Beginning with the line that contains "และ FortiTelemetry เพิ่มเข้ามา", restate each line below through the final one exactly, and exclude the pictures.
____ SUPPLIED INFORMATION
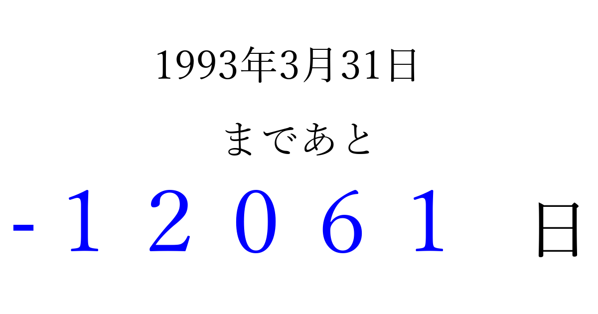 1993年3月31日(水)は もう 00000 日過ぎました 追加すると、トップページからすぐ選べるようになります ※2026/04/08現在の結果です。 最新の状態に更新する ↓シェアして、タイムライン上にカウントダウンを表示しよう!↓ 📤 この結果を共有する Tweet シェア Threads Bluesky 別の日付でカウントダウン 1993年3月のカレンダー このページをブックマークに追加すると、いつでもカウントダウンを確認できます。 (PC: Ctrl+D / Mac: ⌘+D) hitome-notes.comでは以下のページも運営しています。 指定日と期間から日付を計算 | ガチャ確率計算・シミュレーション | プライバシー・ポリシー 運営者:Avocado
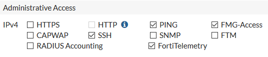 => กำหนดค่า “Administrative Access” โดยเลือกค่า FMG-Access และ FortiTelemetry เพิ่มเข้ามา
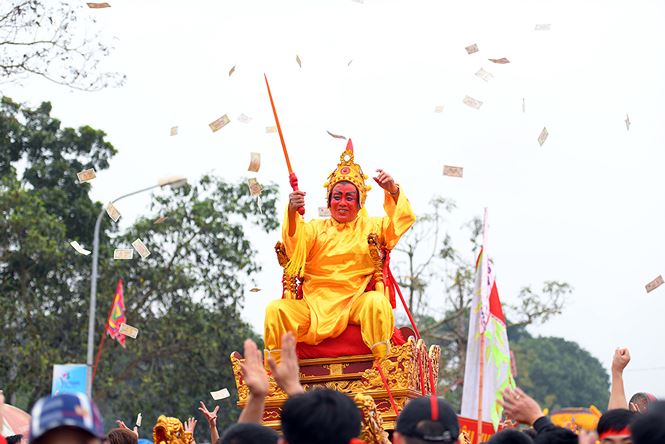 Kiệu rước Vua di chuyển nhẹ nhàng cùng đoàn dài kèn trống vây quanh múa rước.
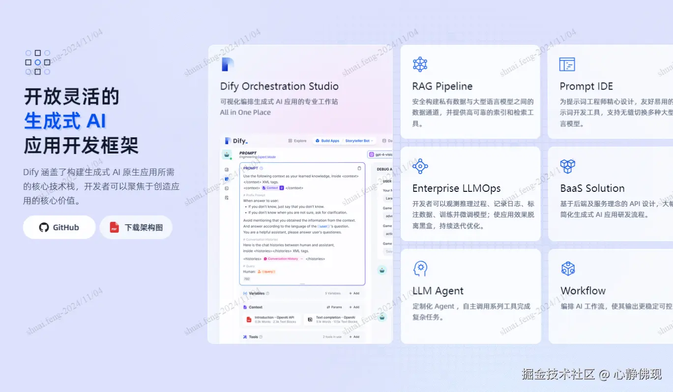 昨日,Dify 更新到 v0.10.2 ,包括新功能、增强和修复以及升级指南等方面。新功能有在工作流中加入 Markdown 按钮、支持 JSON 类型的文档提取器节点、集成 Stable--Diffusion 3.5 的文本转图像功能、在工作流中提供向量器支持等。增强和修复涉及 API 文档升级、修复 LLM 节点流输出问题、更新工作流代码生成器、增强工作流中的提示处理、改进 HTTP 请求中的文件处理等。升级指南包括 Docker 部署和源代码部署两种方式。此外,还介绍了新的贡献者和完整的更新日志。
________
■ **ANSWER TO THE EXERCISE**:
 => กำหนดค่า “Administrative Access” โดยเลือกค่า FMG-Access และ FortiTelemetry เพิ่มเข้ามา
 Kiệu rước Vua di chuyển nhẹ nhàng cùng đoàn dài kèn trống vây quanh múa rước.
 昨日,Dify 更新到 v0.10.2 ,包括新功能、增强和修复以及升级指南等方面。新功能有在工作流中加入 Markdown 按钮、支持 JSON 类型的文档提取器节点、集成 Stable--Diffusion 3.5 的文本转图像功能、在工作流中提供向量器支持等。增强和修复涉及 API 文档升级、修复 LLM 节点流输出问题、更新工作流代码生成器、增强工作流中的提示处理、改进 HTTP 请求中的文件处理等。升级指南包括 Docker 部署和源代码部署两种方式。此外,还介绍了新的贡献者和完整的更新日志。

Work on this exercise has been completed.